Neteller
- Founded: 1999; 27 years ago
- Area served: Worldwide
- Key people: Bruce Lowthers (CEO)
- Industry: Online payments
- Products: Payment gateway Digital wallet Prepaid card PSP Cryptocurrencies Money transfer
- Parent: Paysafe
- Website: neteller.com

= Neteller =

E-money transfer service

Neteller is a global payments platform and digital wallet used to transfer money to and from merchants, such as forex trading brokers, social networks, and gambling websites. Users in the European Economic Area (EEA) and the United Kingdom can add a Net+ Mastercard to their account to pay with their balance in stores or withdraw it as cash from ATMs. Regardless of their location, users can transfer their balance to their own bank accounts or cards if they need to withdraw the funds from their account.

Neteller is owned and operated by the international payments company, Paysafe, alongside former competitor Skrill and the prepaid payment method paysafecard.

== History ==
Neteller was launched in 1999 in Canada and moved to the Isle of Man in 2004. Paysafe Group was listed as an "Authorised Electronic Money Institution".

In 2015, Optimal Payments Plc (now Paysafe) finalized a transformational transaction for the global payments industry – the acquisition of Skrill Group, one of Europe’s largest online payments systems and among the world’s largest independent digital wallet providers.

Neteller is not a bank and does not lend customers funds. It is required under FCA e-money regulations to maintain user funds in trust accounts, separate from its operating cash, sufficient to repay all user balances at the same time.

== Online gambling ==

Neteller's logo as of 2001.

Neteller began processing online gambling payments in the year 2000, when it was processing payments for 85% of the world's gambling merchants. 95% of the company's revenue at that time was derived from fund transfers to online gaming platforms, with many users being U.S. residents.

Accounts of U.S. users were restricted as the company exited the United States, and funds were unrestricted after 30 July 2007. As a result of this enforced exit from the U.S. market, and the risks associated with online gambling, the company has sought to diversify.

High-value customers are offered a premium membership called "NETELLER VIP". It includes additional features and lower fees similar to premium membership of Skrill.

NETELLER VIP membership benefits also include earning cashback on transfers made using a NETELLER account, increased transfer limits and a free prepaid Mastercard for members with Silver, Gold, Platinum and Diamond VIP status.

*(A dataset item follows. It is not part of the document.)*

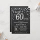 Invitación de aniversario de bodas número 60 Pizarra Negro y Plateado. Aniversario de sesenta años de casados. Fondo de diamante con brillo negro y plateado en pizarra. Confeti plateado. Cumpleaños de adulto. Fiesta de cumpleaños de mujer o hombre. Para personalizar aún más, haga clic en el botón "Personalizar" y use nuestra herramienta de diseño para modificar esta plantilla.

Legal issues surrounding online gambling mean that users in certain countries are not permitted to make transfers to gambling merchants.

== Services ==
Neteller users can load money into their account from a bank, credit/debit card or via about 40 other payment options. Payment options vary by country, and some are instant.

Customers can use the funds in their Neteller account to pay online at merchants that accept Neteller. They can also receive payouts from merchants to their Neteller account, for instance gambling winnings or trading profits.

Other features of the service include money transfers, cryptocurrency transactions, and currency exchange.

In 2021, Neteller announced the launch of Knect, a new loyalty programme. The programme lets customers earn points for making transactions and using their Net+ Mastercard, which they can redeem for credit in their account.

===Net+ card===
In 2003, the company launched the Neteller Card. A few years later in 2008, the card was rebranded as Net+. Under the Net+ name, the company offers Mastercard prepaid debit cards, virtual cards, and merchant-brandable card programs.

Customers can use their card to pay anywhere Mastercard is accepted and withdraw their balance as cash. The card is only available to customers residing in the UK and European Economic Area (EEA).